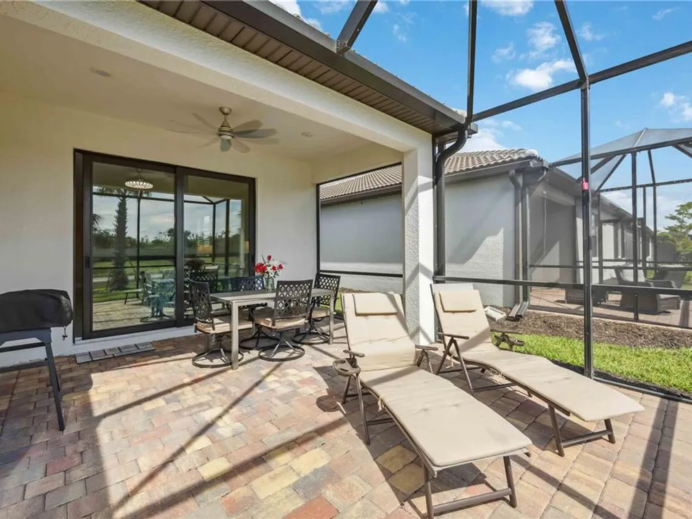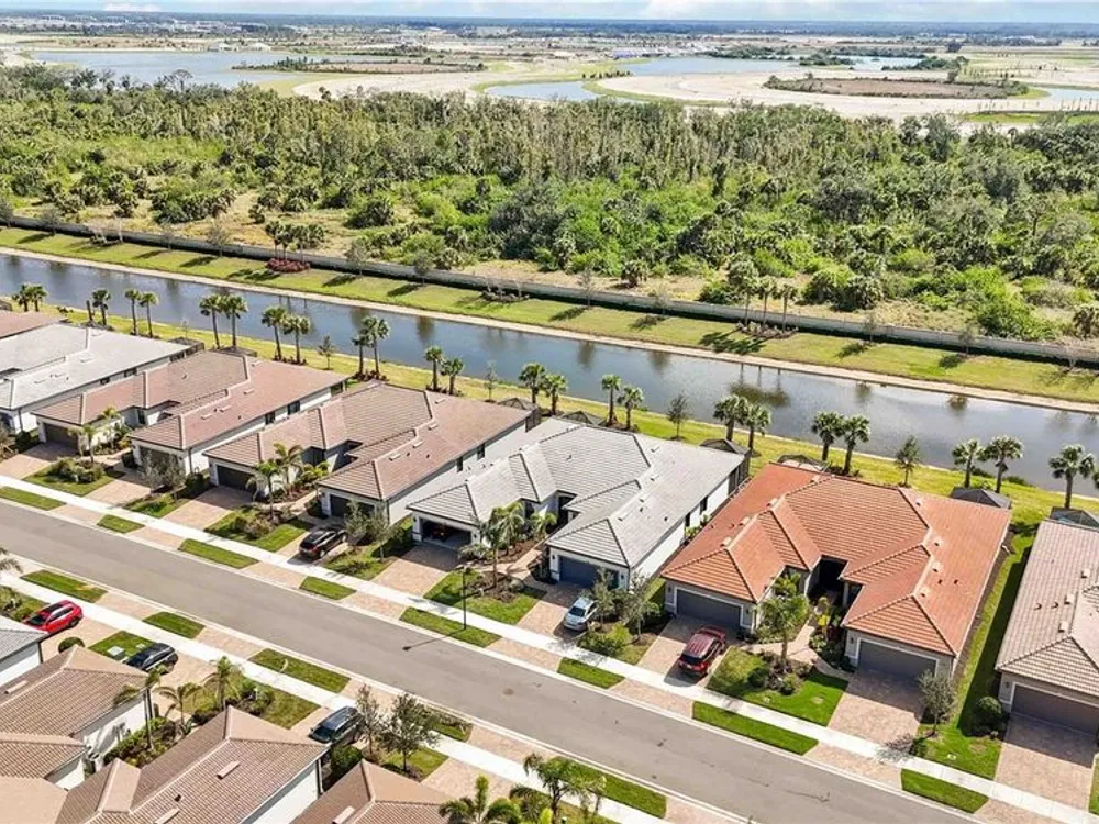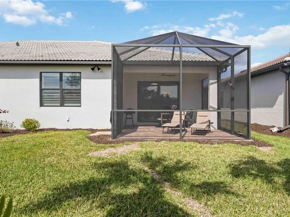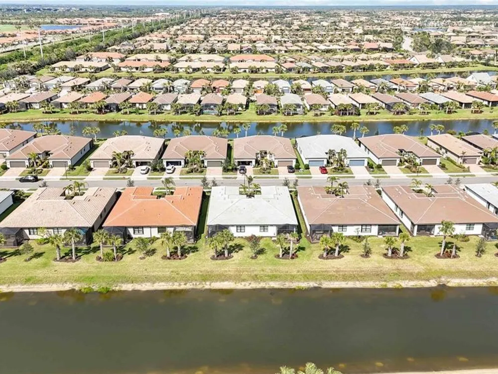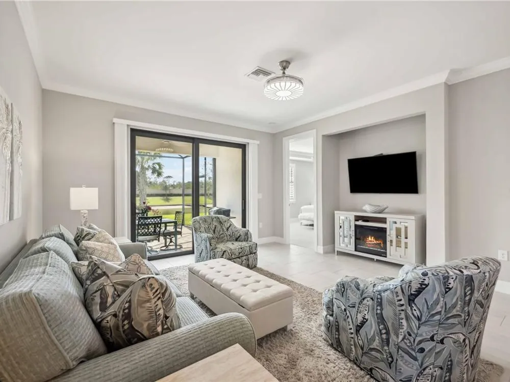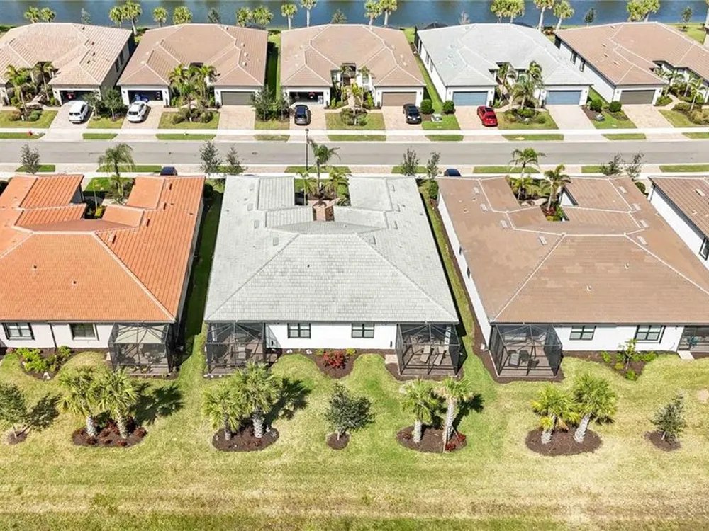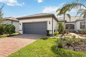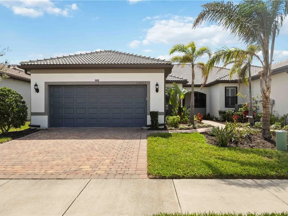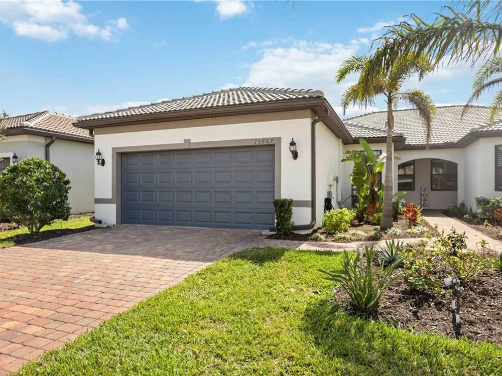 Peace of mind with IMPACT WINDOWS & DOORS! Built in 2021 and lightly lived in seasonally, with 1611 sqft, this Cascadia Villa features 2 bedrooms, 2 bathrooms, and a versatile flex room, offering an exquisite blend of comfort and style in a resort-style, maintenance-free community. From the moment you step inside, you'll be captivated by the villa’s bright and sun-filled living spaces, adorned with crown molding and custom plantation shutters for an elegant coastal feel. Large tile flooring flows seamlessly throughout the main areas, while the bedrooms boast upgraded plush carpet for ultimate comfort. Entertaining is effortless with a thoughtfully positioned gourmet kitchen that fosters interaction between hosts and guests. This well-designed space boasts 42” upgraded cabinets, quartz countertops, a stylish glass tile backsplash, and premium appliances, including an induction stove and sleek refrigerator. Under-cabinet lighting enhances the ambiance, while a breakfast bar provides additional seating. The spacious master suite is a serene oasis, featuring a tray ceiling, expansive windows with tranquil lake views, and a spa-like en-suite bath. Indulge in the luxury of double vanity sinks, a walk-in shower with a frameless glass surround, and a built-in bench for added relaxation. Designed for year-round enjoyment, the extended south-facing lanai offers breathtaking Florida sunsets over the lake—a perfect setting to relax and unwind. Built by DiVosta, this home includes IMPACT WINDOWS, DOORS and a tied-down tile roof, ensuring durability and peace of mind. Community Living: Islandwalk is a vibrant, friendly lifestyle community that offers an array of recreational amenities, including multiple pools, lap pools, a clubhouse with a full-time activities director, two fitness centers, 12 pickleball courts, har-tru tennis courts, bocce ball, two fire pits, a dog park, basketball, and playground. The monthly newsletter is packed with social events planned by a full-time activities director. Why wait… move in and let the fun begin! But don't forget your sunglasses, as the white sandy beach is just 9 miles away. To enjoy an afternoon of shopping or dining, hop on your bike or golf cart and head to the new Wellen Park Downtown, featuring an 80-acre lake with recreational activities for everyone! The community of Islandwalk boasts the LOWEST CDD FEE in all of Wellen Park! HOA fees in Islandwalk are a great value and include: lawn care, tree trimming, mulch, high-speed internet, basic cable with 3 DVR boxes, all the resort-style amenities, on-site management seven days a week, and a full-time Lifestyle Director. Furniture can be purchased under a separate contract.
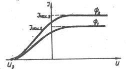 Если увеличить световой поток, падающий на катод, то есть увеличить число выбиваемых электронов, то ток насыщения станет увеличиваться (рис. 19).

------

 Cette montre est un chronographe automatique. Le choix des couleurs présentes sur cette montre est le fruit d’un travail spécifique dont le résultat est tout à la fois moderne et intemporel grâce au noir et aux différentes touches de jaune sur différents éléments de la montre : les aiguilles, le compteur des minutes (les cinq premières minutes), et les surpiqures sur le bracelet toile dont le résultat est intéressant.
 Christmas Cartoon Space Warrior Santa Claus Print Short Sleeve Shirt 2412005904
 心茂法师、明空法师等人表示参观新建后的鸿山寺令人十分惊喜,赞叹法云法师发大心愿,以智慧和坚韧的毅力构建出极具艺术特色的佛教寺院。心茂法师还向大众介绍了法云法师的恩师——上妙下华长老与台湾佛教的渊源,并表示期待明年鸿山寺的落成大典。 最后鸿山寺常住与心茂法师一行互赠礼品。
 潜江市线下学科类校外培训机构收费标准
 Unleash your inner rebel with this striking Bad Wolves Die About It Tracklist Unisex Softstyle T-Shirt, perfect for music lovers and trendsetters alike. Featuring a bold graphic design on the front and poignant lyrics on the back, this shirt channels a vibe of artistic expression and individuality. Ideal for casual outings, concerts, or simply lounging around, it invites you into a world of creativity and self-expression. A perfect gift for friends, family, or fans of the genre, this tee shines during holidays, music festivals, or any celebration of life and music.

------

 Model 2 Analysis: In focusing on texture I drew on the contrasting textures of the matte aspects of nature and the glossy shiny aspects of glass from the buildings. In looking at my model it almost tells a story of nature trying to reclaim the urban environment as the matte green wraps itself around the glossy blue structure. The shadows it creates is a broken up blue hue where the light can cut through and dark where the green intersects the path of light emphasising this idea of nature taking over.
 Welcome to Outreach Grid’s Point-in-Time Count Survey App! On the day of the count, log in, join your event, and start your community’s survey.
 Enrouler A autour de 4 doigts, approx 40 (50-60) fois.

------

→ EXERCISE
Transcribe the records above from the line holding "心茂法师、明空法师等人表示参" down to the line holding "Unleash your inner", inclusive, without adding anything.

→ FINISHED TASK
 心茂法师、明空法师等人表示参观新建后的鸿山寺令人十分惊喜,赞叹法云法师发大心愿,以智慧和坚韧的毅力构建出极具艺术特色的佛教寺院。心茂法师还向大众介绍了法云法师的恩师——上妙下华长老与台湾佛教的渊源,并表示期待明年鸿山寺的落成大典。 最后鸿山寺常住与心茂法师一行互赠礼品。
 潜江市线下学科类校外培训机构收费标准
 Unleash your inner rebel with this striking Bad Wolves Die About It Tracklist Unisex Softstyle T-Shirt, perfect for music lovers and trendsetters alike. Featuring a bold graphic design on the front and poignant lyrics on the back, this shirt channels a vibe of artistic expression and individuality. Ideal for casual outings, concerts, or simply lounging around, it invites you into a world of creativity and self-expression. A perfect gift for friends, family, or fans of the genre, this tee shines during holidays, music festivals, or any celebration of life and music.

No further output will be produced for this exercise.